The characteristics of these interstitial‐related SiCCs significantly constrain the process parameter window for in‐growth defect engineering. The relatively‐low thermal budget that can be tolerated by SiCCs before annihilation imposes the use of ULT epitaxy, with growth temperatures (T _G and T _Cap) limited to <300 °C. Earlier works in proton‐implanted samples found that for traditional G‐centers, disintegration starts already at ≈175 °C for a 30 min annealing step in an argon atmosphere, while for W‐centers, this temperature is ≈270 °C.^[ ²⁸ ^] Therefore, a suitable T _G‐balance between SiCC generation and preservation or emitter reduction during Si capping and annealing has to be considered. Here, we find that growing SiCCs at T _G= 200 °C and embedding them in Si grown at T _cap= 300 °C minimizes the damage in the Si matrix. A finer adjustment of T_Gs will likely lead to further optimization of the emitter/matrix quality. We also emphasize the need for ultra‐low chamber pressures during growth. At growth temperatures < 350 °C, residual gases are not efficiently desorbed from the Si surface,^[ ²⁹ ^] i.e., foreign residual atoms that constitute the growth chamber pressure (background plus pressure increase due to hot sources) are also incorporated. The relation between growth pressure and the rate of residual gas impingement^[ ³⁰ ^] is shown in Figure S1 (Supporting Information). These foreign atoms can form detrimental defects that, in the worst case, disturb SiCC emission through the generation of (non)‐radiative recombination channels and provide an unfavorably noisy matrix environment for quantum emitters. Here, we find a spurious PL response from T‐centers (C‐H‐related defects), despite excellent growth pressures in the low 10⁻¹⁰ mbar range (see Figure S1, Supporting Information). However, this finding guides future experiments for the creation of high‐quality isolated T‐centers. We note that many different point‐defect centers are known to exist in Si.^[ ¹ , ² , ³ , ⁴ , ⁵ , ⁶ , ⁷ , ⁸ , ⁹ , ¹¹ , ¹² , ¹³ , ¹⁴ , ¹⁵ , ¹⁶ , ¹⁷ , ¹⁸ , ¹⁹ , ²⁰ , ²¹ , ²² ^] However, due to the novelty of their application potential in quantum communication, it can be expected that only a fraction of defect‐centers with optimized quantum properties are known to date. Their properties will depend on factors like, e.g., types of foreign atoms at the point defect site, strain, matrix composition, etc.

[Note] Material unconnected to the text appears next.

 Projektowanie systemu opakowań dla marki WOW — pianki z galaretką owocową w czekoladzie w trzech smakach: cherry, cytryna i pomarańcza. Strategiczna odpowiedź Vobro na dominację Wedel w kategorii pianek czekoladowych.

Here, we demonstrate the epitaxial creation of various vertically confined emitters, such as G, G′, W‐, and T‐centers that are, when isolated, promising candidates for quantum photonic applications. In particular, our ab initio calculations show (see Figure 5 and Supporting Information) that G′‐center should exhibit a similar optically detected magnetic resonance (ODMR) signal as its G‐center counterpart.^[ ³¹ ^] Thus, the G′‐centers have a great potential to act as a quantum memory together with emission in the telecom O‐band.

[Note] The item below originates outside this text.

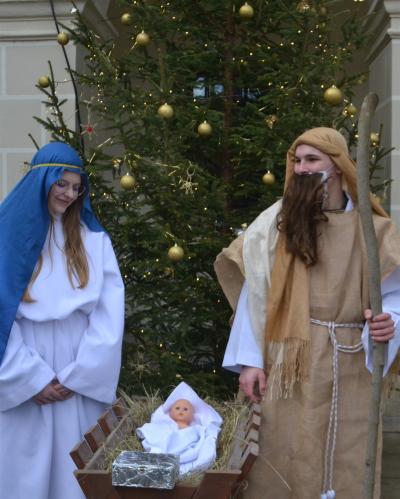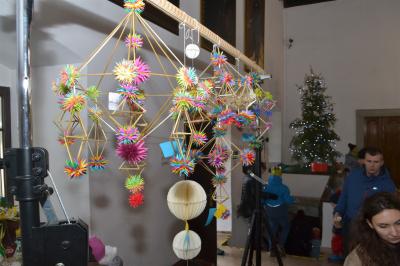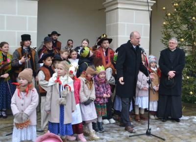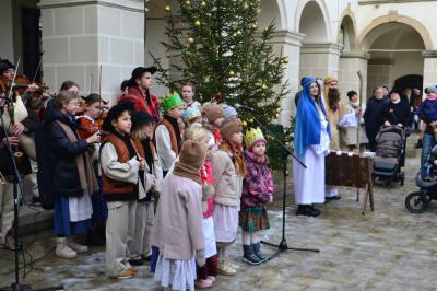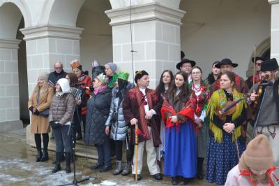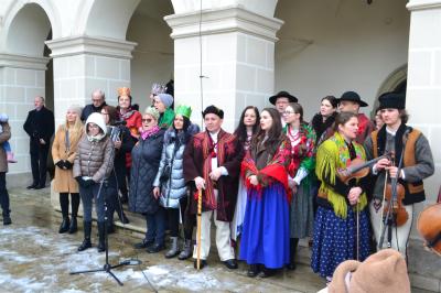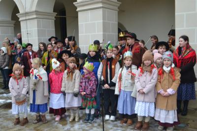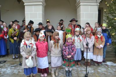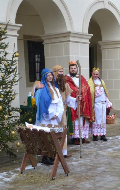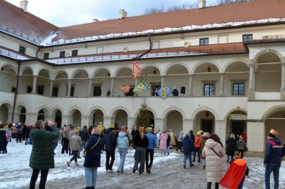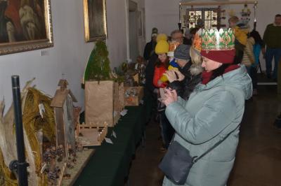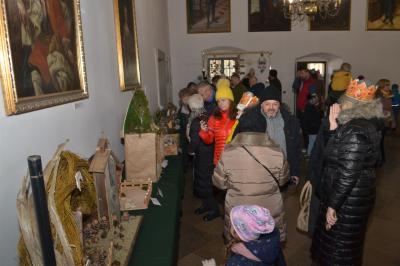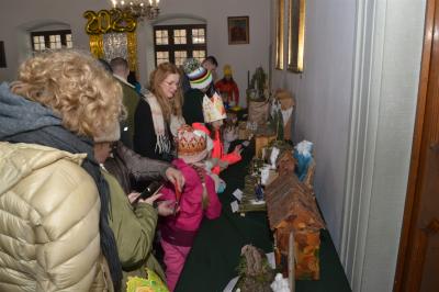 Po zakończeniu wspólnego kolędowania wiele osób zdecydowało się pozostać na terenie zespołu zamkowo-parkowego, biorąc udział w otwarciu wystawy prac złożonych na miejski etap powiatowego konkursu Babiogórska Szopka Regionalna.

Model for the G′‐defect and calculated luminescence emission. Prominent local vibration mode in the G‐center and C_Si+G defect (G′‐center). a) The geometry of the defects is depicted where the black circle indicates the location of C_Si. The arrows show the direction and the amplitude of vibrating ions that are mainly localized on the two carbon atoms near the Si interstitial. b) The simulated PL spectrum of the G‐center and C_Si+G defect (G′‐center) with the prominent local vibration modes as depicted in (a).

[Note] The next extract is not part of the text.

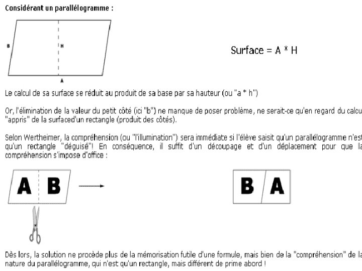 Théorie gestaltiste (Théorie de la forme) Vertheimer (1880 -1943), Koffka (1886 -1941), Köhler (1887 -1967) Nous percevons les objets de manière unifiée: les « totalités » donnent du sens aux parties. L’apprentissage doit faire appel à la compréhension par Insights et à une pensée véritablement créatrice, et non pas à des présentations d’éléments morcelés de connaissances, à relier progressivement entre eux par mémorisation (l’apprentissage par cœur).

2.3. Ab initio Calculations of the G′‐Center

We employed ab initio calculations to identify the G′‐center and reveal its potential for quantum technologies. We assumed, based on the similarities between the features of the PL spectra of the G‐center and G′‐center, that the core of the defect is the atomic structure of the G‐center but a nearby C impurity or Si self‐interstitial may perturb it. The possible models employed were C substitutional (C_Si), C interstitial (C_i) or silicon interstitial (Si_i) near C_Si‐Si_i‐C_Si defect (so‐called B‐form of G‐center that we simply label by “G” for the sake of simplicity) that are depicted in Figure S4 (Supporting Information).

Our ab initio calculations imply that the G′‐center consists of three C atoms where a substitutional C sits next to the atomic configuration of the G‐center which well reproduces the characteristic features of the PL spectra: red‐shift both in the ZPL and the prominent LPM near the ZPL (also‐called “E” peak^[ ¹ ^]) in the G′‐center when compared to the G‐center (see Figure 5b). The observed (calculated) red‐shifts in the ZPL energies of G′ versus G are 17 meV (14 meV), whereas the energy of the E‐peak with respect to the corresponding ZPL differs by 0.8 meV (1.2 meV) in the experimental (simulated) spectra. We note that our C‐source i.a. emits molecules with three C atoms that might be built in as a unit to the Si crystal, which may facilitate the dominant formation of the G′‐center.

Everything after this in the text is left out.